ECLI:NL:HR:2025:1264
Hoge Raad
- Artikel 80a RO-zaken
- Rechtspraak.nl
Cassatieberoep tegen naheffingsaanslag parkeerbelasting gemeente Den Haag
In deze zaak heeft de Hoge Raad op 12 september 2025 uitspraak gedaan in het cassatieberoep van [X], vertegenwoordigd door N. van der Laan, tegen het College van Burgemeester en Wethouders van de Gemeente Den Haag. Het beroep in cassatie was gericht tegen de uitspraak van het Gerechtshof Den Haag van 19 november 2024, waarin het hoger beroep van belanghebbende tegen een eerdere uitspraak van de Rechtbank Den Haag werd behandeld. De Rechtbank had een naheffingsaanslag in de parkeerbelasting opgelegd aan belanghebbende.

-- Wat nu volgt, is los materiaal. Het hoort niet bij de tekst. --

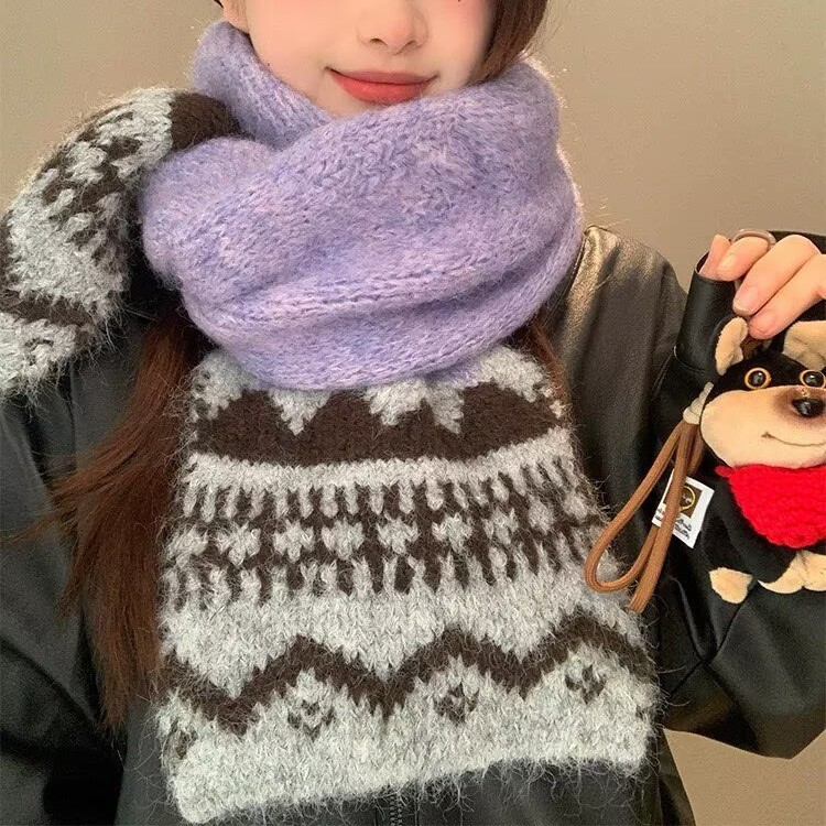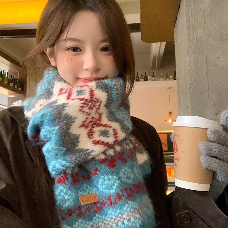 韩系复古费尔岛提花针织含羊毛围巾女高品质冬天保暖百搭学生围脖

De Hoge Raad heeft de ontvankelijkheid van het cassatieberoep beoordeeld en geconcludeerd dat de klachten over de uitspraak van het Hof niet gegrond zijn. De procureur-generaal bij de Hoge Raad heeft de gelegenheid gekregen om advies uit te brengen, maar de Hoge Raad heeft uiteindelijk besloten dat het cassatieberoep duidelijk niet kan slagen. Daarom heeft de Hoge Raad gebruikgemaakt van de mogelijkheid om het beroep zonder verdere motivering niet-ontvankelijk te verklaren, zoals voorzien in artikel 80a van de Wet op de rechterlijke organisatie.
Daarnaast heeft de Hoge Raad geen aanleiding gezien om een veroordeling in de proceskosten uit te spreken. Het arrest is openbaar uitgesproken op 12 september 2025, en de beslissing is genomen door de raadsheer M.T. Boerlage als voorzitter, samen met de raadsheren A.E.H. van der Voort Maarschalk en W.A.P. van Roij, in tegenwoordigheid van de waarnemend griffier J.P.J. van Kampen.